[About this task]
Transcribe exactly the lines from the top of the records below through the line that holds "Storia postale. REGNO", both included, with no pictures.

─── Source data ───

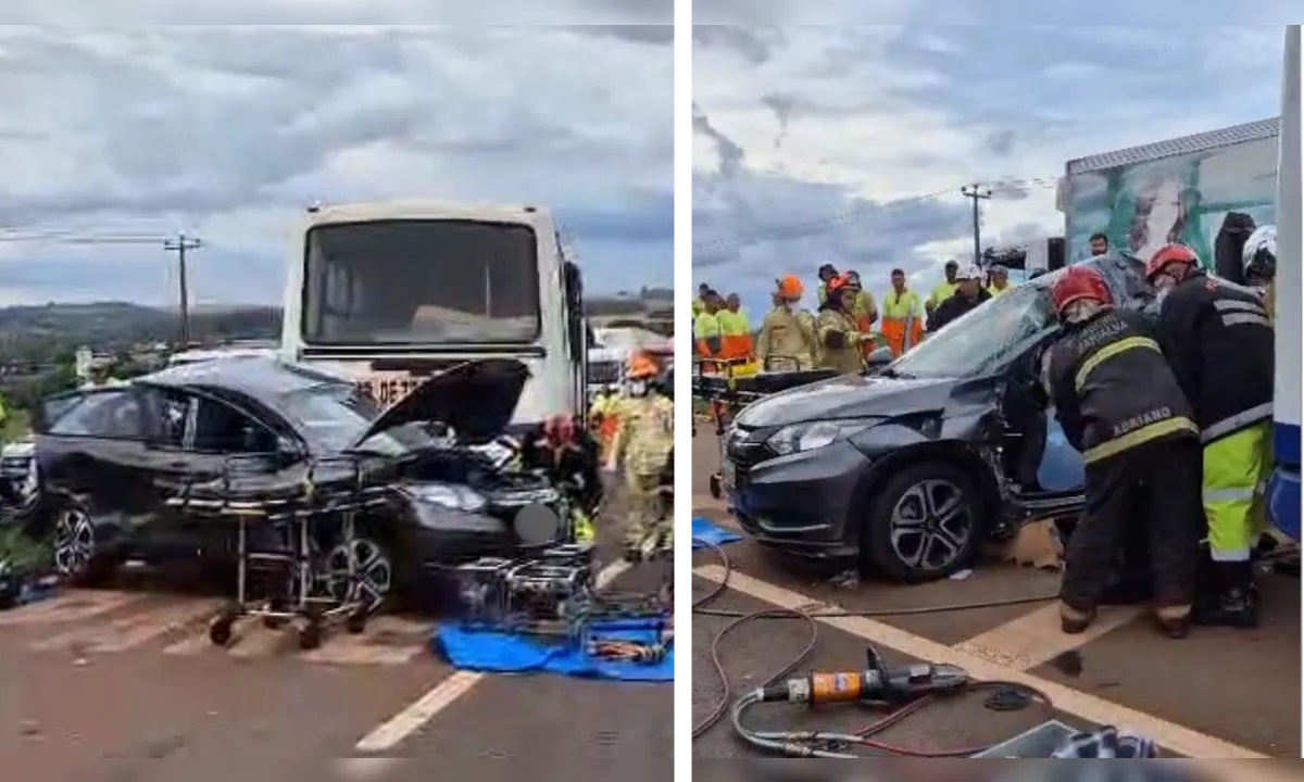 A colisão envolveu dois carros de passeio e um ônibus que transportava trabalhadores. Um homem de 51 anos, condutor de um veículo Honda HR-V, ficou preso às ferragens e precisou ser resgatado pelas equipes de socorro.
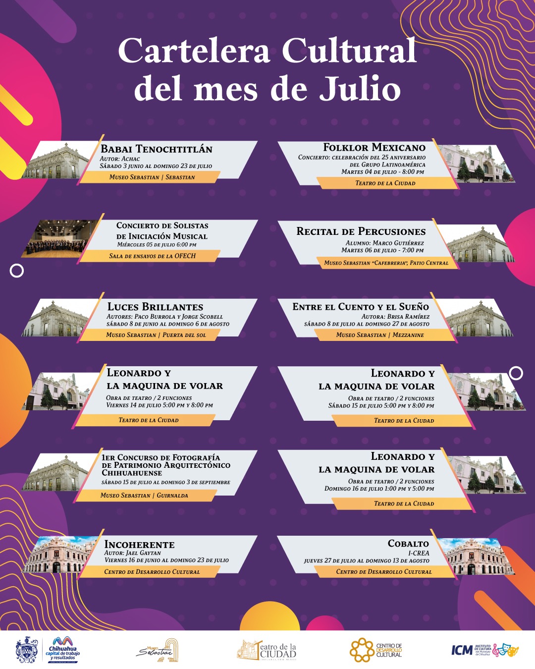 Chihuahua, Chih.- El Gobierno Municipal de Chihuahua que preside el alcalde Marco Bonilla, a través del Instituto de Cultura Municipal, da a conocer el calendario de actividades del mes de julio, con el propósito de invitar a la ciudadanía a aprovechar el periodo vacacional de las escuelas, para acercarse a la cultura y las artes.
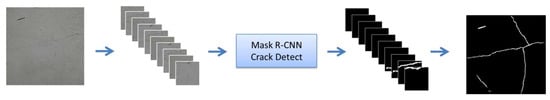 On the other hand, when calculating the mask for the crack regions in the images, the images were not resized in this study. Instead, the original images were segmented into several smaller images with a size of 448 × 448 pixels, which were then fed into the Mask R-CNN model. The segmentation results of these cropped images were subsequently stitched together to reconstruct the original image, as illustrated in Figure 3. This approach prevented the loss of subtle crack features due to resizing, ensuring the accurate identification of cracks.
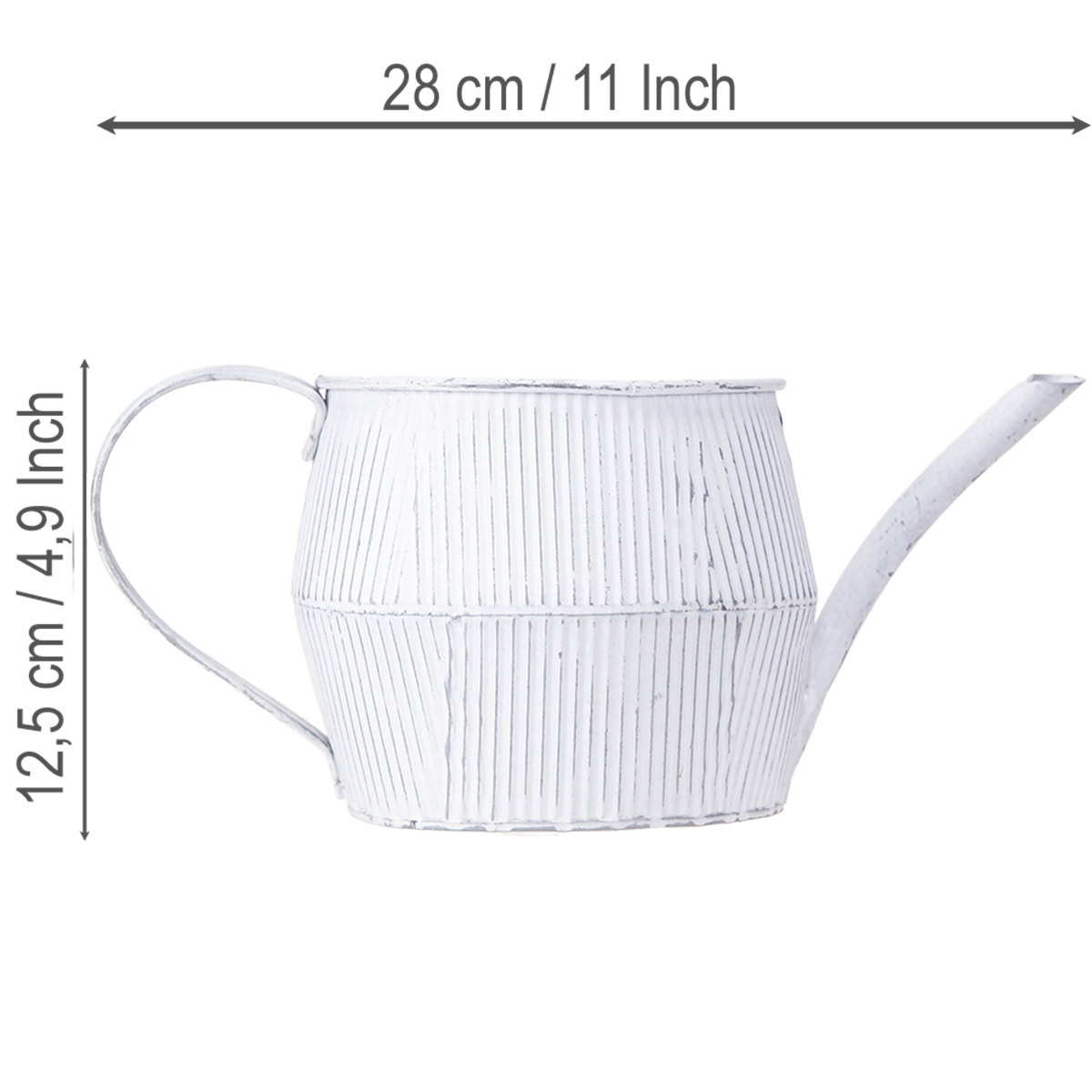 Unsere stilvolle, weiß gewaschene Metallkanne bringt mit ihrer Vintage-Optik nostalgischen Charme in jede Dekoration. Ideal für Floristen und Blumengeschäfte, um kreative Blumenarrangements zu präsentieren und die Kundschaft zu begeistern.
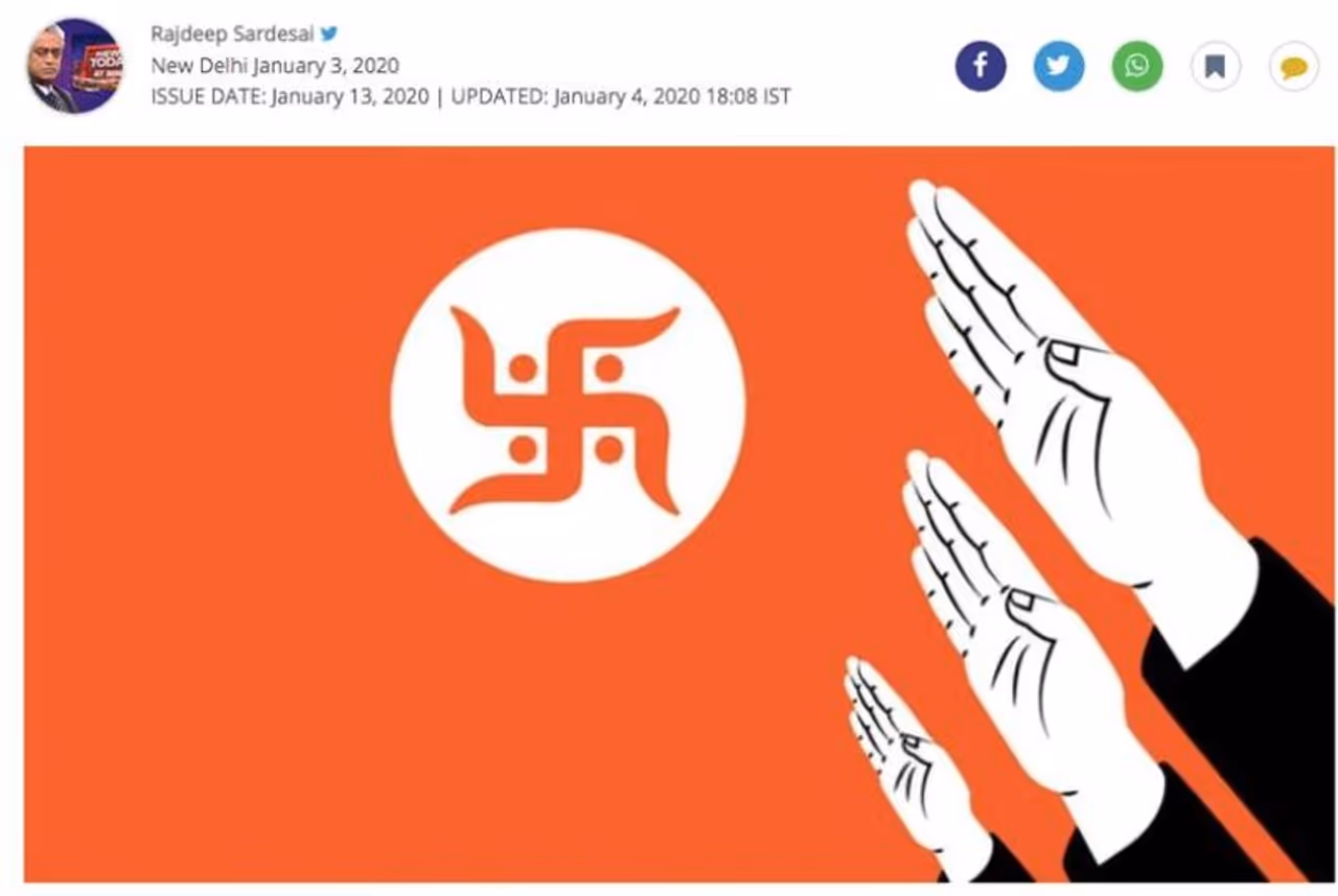 In a tweet, journalist Rajdeep Sardesai put out a picture containing a picture of the holy Swastika with a saffron background to resemble that of the Nazis, with a three-palm salute, probably to convey that Hindutva is taking over
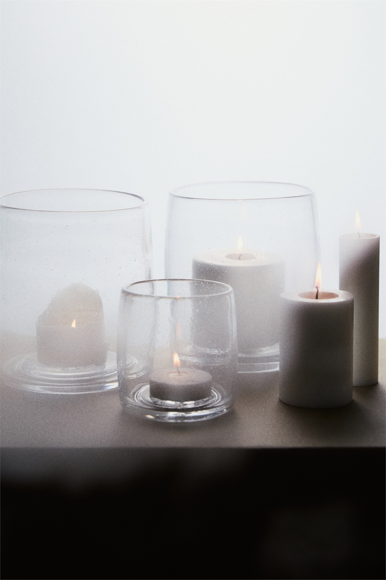 Небольшой стеклянный фонарь с тонким эффектом пузырьков. Идеально подходит для освещения теплых летних вечеров или создания уютного настроения в зимнее время.
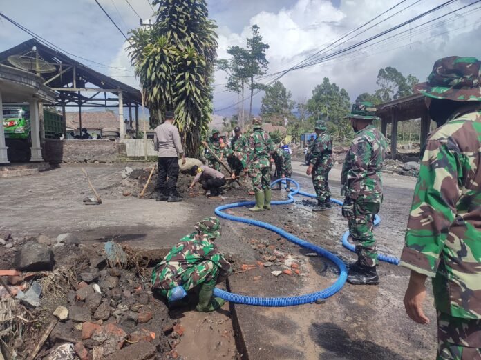 Dengan metode glontor yakni mendorong dan menghanyutkan material menggunakan tekanan air serta pembukaan aliran secara bertahap personel TNI bekerja cepat untuk mengembalikan fungsi saluran drainase yang tertimbun pasir dan lumpur pascaluncuran lahar dingin.
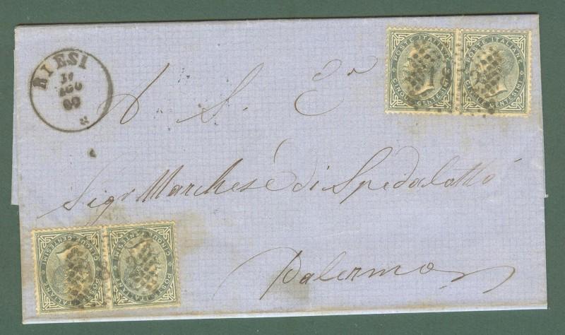 Storia postale. REGNO D'ITALIA. Due coppie del cent. 5 verde (Sassone T 16) su lettera del 1868 da Riesi (Caltanissetta) a Palermo. Lievi imperfezioni. E' presente il testo. (Rif.D2145)
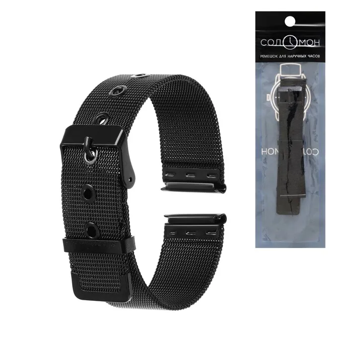 Ремешок для часов "Соломон", 20 мм, нержавеющая сталь, l-19.5 см, черный — Характеристики
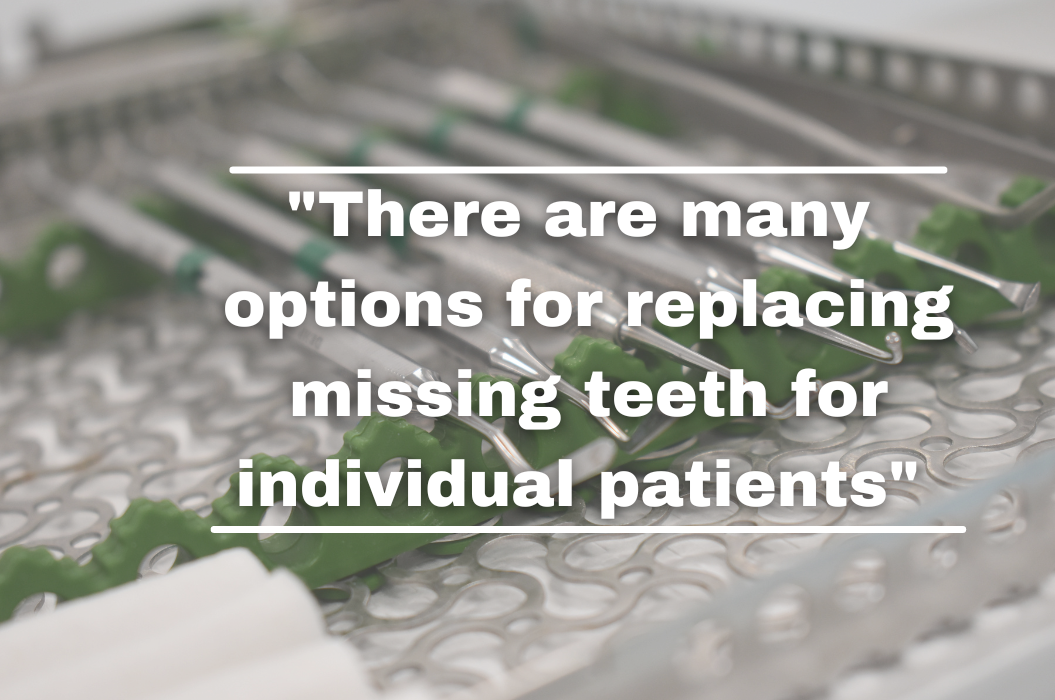 There are many options for replacing missing teeth for individual patients. These are generally bespoke (specifically to the individual) which is why it is so important to be assessed by a well-trained and experienced clinician to offer you all the possible options for treatment.

───

[Answer to this exercise]
 A colisão envolveu dois carros de passeio e um ônibus que transportava trabalhadores. Um homem de 51 anos, condutor de um veículo Honda HR-V, ficou preso às ferragens e precisou ser resgatado pelas equipes de socorro.
 Chihuahua, Chih.- El Gobierno Municipal de Chihuahua que preside el alcalde Marco Bonilla, a través del Instituto de Cultura Municipal, da a conocer el calendario de actividades del mes de julio, con el propósito de invitar a la ciudadanía a aprovechar el periodo vacacional de las escuelas, para acercarse a la cultura y las artes.
 On the other hand, when calculating the mask for the crack regions in the images, the images were not resized in this study. Instead, the original images were segmented into several smaller images with a size of 448 × 448 pixels, which were then fed into the Mask R-CNN model. The segmentation results of these cropped images were subsequently stitched together to reconstruct the original image, as illustrated in Figure 3. This approach prevented the loss of subtle crack features due to resizing, ensuring the accurate identification of cracks.
 Unsere stilvolle, weiß gewaschene Metallkanne bringt mit ihrer Vintage-Optik nostalgischen Charme in jede Dekoration. Ideal für Floristen und Blumengeschäfte, um kreative Blumenarrangements zu präsentieren und die Kundschaft zu begeistern.
 In a tweet, journalist Rajdeep Sardesai put out a picture containing a picture of the holy Swastika with a saffron background to resemble that of the Nazis, with a three-palm salute, probably to convey that Hindutva is taking over
 Небольшой стеклянный фонарь с тонким эффектом пузырьков. Идеально подходит для освещения теплых летних вечеров или создания уютного настроения в зимнее время.
 Dengan metode glontor yakni mendorong dan menghanyutkan material menggunakan tekanan air serta pembukaan aliran secara bertahap personel TNI bekerja cepat untuk mengembalikan fungsi saluran drainase yang tertimbun pasir dan lumpur pascaluncuran lahar dingin.
 Storia postale. REGNO D'ITALIA. Due coppie del cent. 5 verde (Sassone T 16) su lettera del 1868 da Riesi (Caltanissetta) a Palermo. Lievi imperfezioni. E' presente il testo. (Rif.D2145)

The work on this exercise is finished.